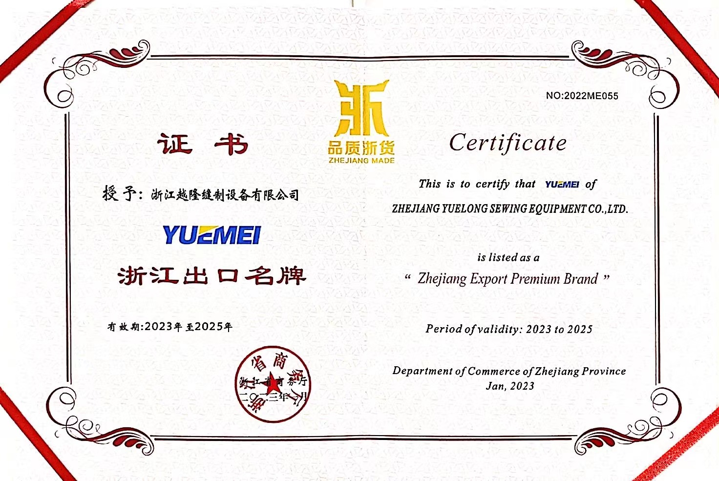 2019年10月、ドイツのKSM社と協力関係を樹立し、各種モジュールの情報ソフトウェアを導入してスマートファクトリーを構築し、「テクノロジー研究開発センター」は浙江省企業技術センター、浙江省工業デザインセンターに認定され、「YUEMEI」ブランドの刺繍機は浙江省輸出有名ブランドに認定され、「フリーホールカービングダブルニードル刺繍機」は浙江産ブティックに認定されました。
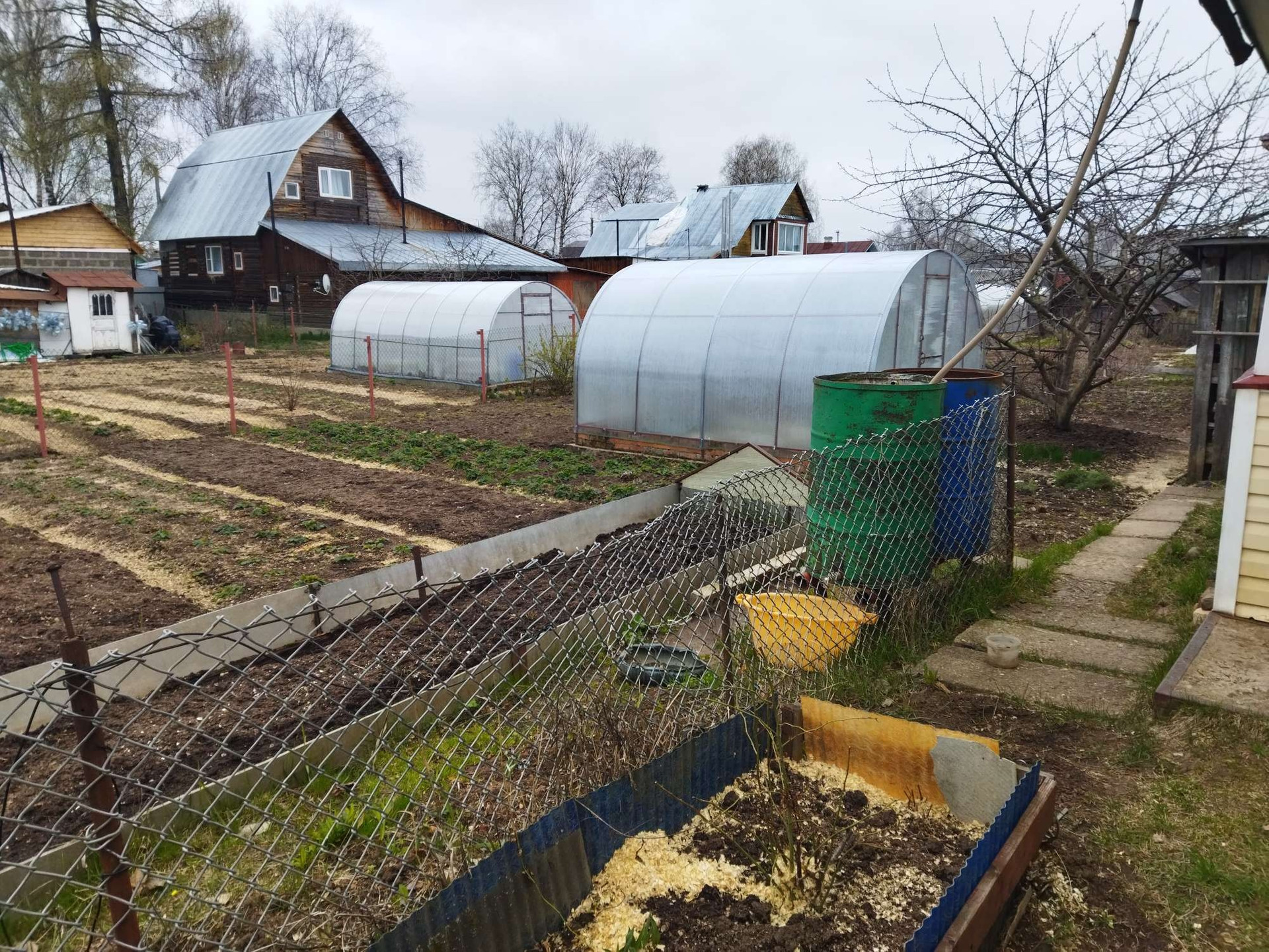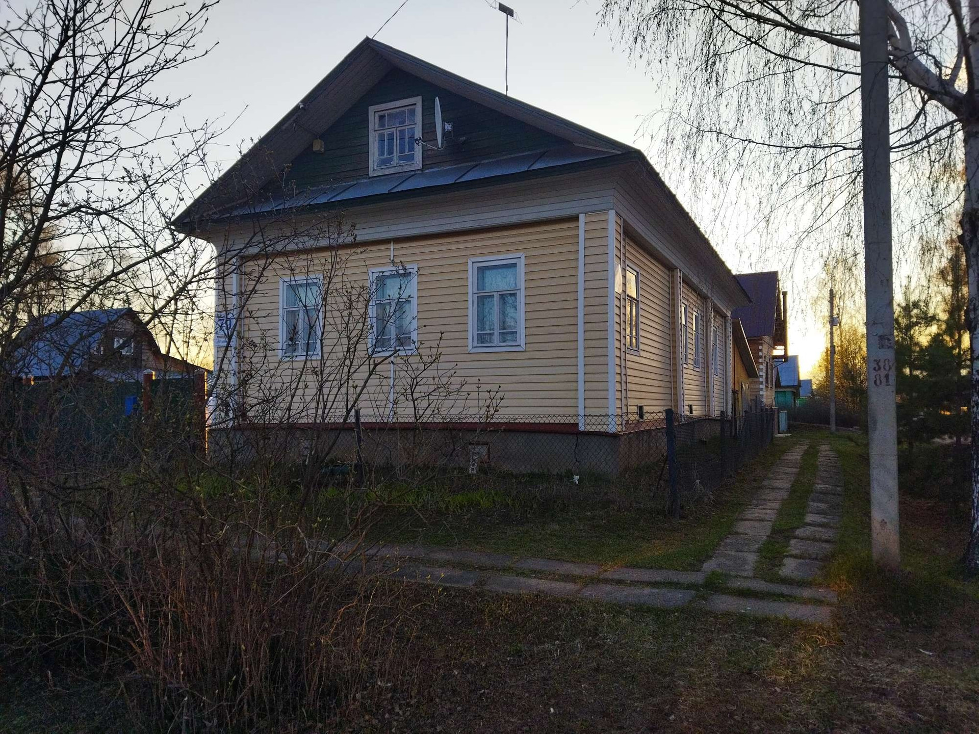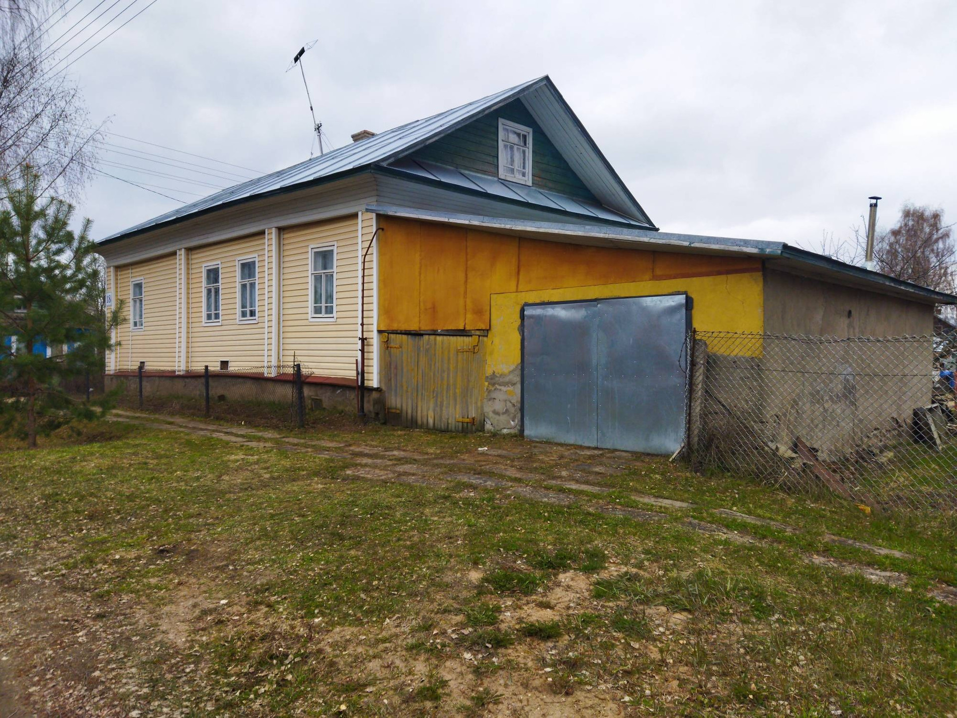Дом бревенчатый с русской печкой, обшит сайдингом. Индивидуальное отопление от напольного газового котла. Имеется такой же запасной котёл. Вода из скважины, установлена насосная станция. Горячая вода от водонагревателя. Гараж, пол бетонный. Баня, печь металлическая. Яма кирпичная. На участке есть теплица 3*4 метра, большая разросшаяся яблоня, кусты чёрной смородины, красной смородины.
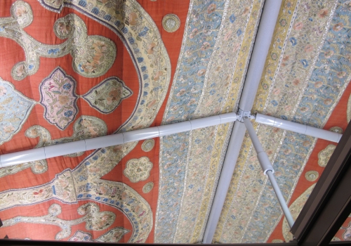 In het zichtdepot is ook een 18de-eeuwse Turkse tent opgebouwd, die in bijzonder goede staat verkeert. Hij vormde ooit een geschenk aan Catharina. Hij is opgezet met behulp van een frame van metalen buizen, de originele palen zijn ernaast te zien. (foto 23, 24) Het was een buitengewoon privilege dat we dit mochten zien. Een bezoek aan de tent is normaal gesproken alleen voorbehouden aan staatsbezoek. Zeer vereerd!

● WHAT YOU SHOULD DO
Without including any picture, write out the material above exactly.

● FINISHED TASK
 2019年10月、ドイツのKSM社と協力関係を樹立し、各種モジュールの情報ソフトウェアを導入してスマートファクトリーを構築し、「テクノロジー研究開発センター」は浙江省企業技術センター、浙江省工業デザインセンターに認定され、「YUEMEI」ブランドの刺繍機は浙江省輸出有名ブランドに認定され、「フリーホールカービングダブルニードル刺繍機」は浙江産ブティックに認定されました。
Дом бревенчатый с русской печкой, обшит сайдингом. Индивидуальное отопление от напольного газового котла. Имеется такой же запасной котёл. Вода из скважины, установлена насосная станция. Горячая вода от водонагревателя. Гараж, пол бетонный. Баня, печь металлическая. Яма кирпичная. На участке есть теплица 3*4 метра, большая разросшаяся яблоня, кусты чёрной смородины, красной смородины.
 In het zichtdepot is ook een 18de-eeuwse Turkse tent opgebouwd, die in bijzonder goede staat verkeert. Hij vormde ooit een geschenk aan Catharina. Hij is opgezet met behulp van een frame van metalen buizen, de originele palen zijn ernaast te zien. (foto 23, 24) Het was een buitengewoon privilege dat we dit mochten zien. Een bezoek aan de tent is normaal gesproken alleen voorbehouden aan staatsbezoek. Zeer vereerd!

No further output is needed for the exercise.